Thus far, simply increasing the size of models is helping AI companies build more performant models, but these scaling laws might not hold indefinitely.
Kevin Scott, the Chief Technology Officer of Microsoft, recently offered a interesting perspective on the seemingly unstoppable scaling of artificial intelligence on the 20VC podcast. He challenged the prevailing belief that AI capabilities will continue to expand exponentially. His argument introduces the concept of a “scaling asymptote,” a point where the economic cost of further development outweighs the practical benefits.

Scott expressed his skepticism about the unlimited scalability of AI, saying: “Some people believe that there is no such limit and things will continue to scale into weird territory. I don’t really believe that.”

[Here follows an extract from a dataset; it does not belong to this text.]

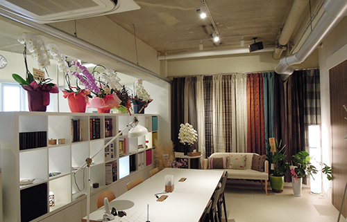 サロンに入って左手には、QUONのカラフルなイスが並べられており、最近のユーザーに好まれる多様な色使いの製品が選べるようになっている。自社だけでなくインポート製品も展示されている。自社工場を持つ強みを生かし、様々なオーダー、カスタマイズにも対応している。

He continues, outlining his alternative view: “I believe we will get to some point where we’ll hit a scaling asymptote there [will] just be diminishing marginal returns. And it’s so expensive that we will decide it’s not worth spending that next dollar to make this thing one unit smarter because we haven’t figured out how that translates into something that’s useful for the people who are using the tool. I think that point will come.”
Scott seemed to be implying that simply scaling up models will not indefinitely keep producing better results — there will be a time when the cost to improve a model will improve its abilities by so little that it won’t be worthwhile to spend money make the model any smarter.

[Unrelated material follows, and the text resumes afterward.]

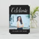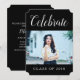 Convite à Festa de formatura de Fotografias moderna com um design de modelo de fotografia simples e fresco a preto. Adicione uma foto e detalhes de festa de formatura para personalizar. A cor de fundo no verso do convite pode ser alterada para complementar a foto ou para adicionar uma cor escolar.
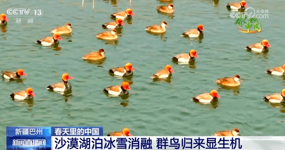 伴隨著陣陣?guó)B鳴,我們來(lái)到新疆巴州尉犁縣羅布淖爾國(guó)家濕地公園,碧綠的水面上,成群結(jié)隊(duì)的赤嘴潛鴨、赤麻鴨等鳥(niǎo)類時(shí)而用翅膀拍打水面展翅飛翔,時(shí)而三五成群在水中喜戲、覓食,群鳥(niǎo)與黃沙、碧水、葦叢、胡楊交相輝映,形成一幅生機(jī)勃勃的春日畫卷。

There are several schools of thought on how model scaling will progress in the coming years. OpenAI and Sam Altman have repeatedly said that there’s no wall to scaling, and have hinted that models can be made better indefinitely. It’s not clear if OpenAI means that this will happen because of scaling laws or new techniques, such as test time compute being discovered. Meanwhile Elon Musk has highlighted another problem — he’s said that humans have already used up most of the data to train models, and this lack of fresh data might present a challenge. Ilya Sutskever, for his part, too has said that data is the fossil fuel of AI, and it will eventually get exhausted. And with Microsoft CTO Kevin Scott too saying that models can’t simply keep getting better by adding more resources, it appears that the AI community might need to keep coming up with new techniques and breakthroughs to get to superintelligence.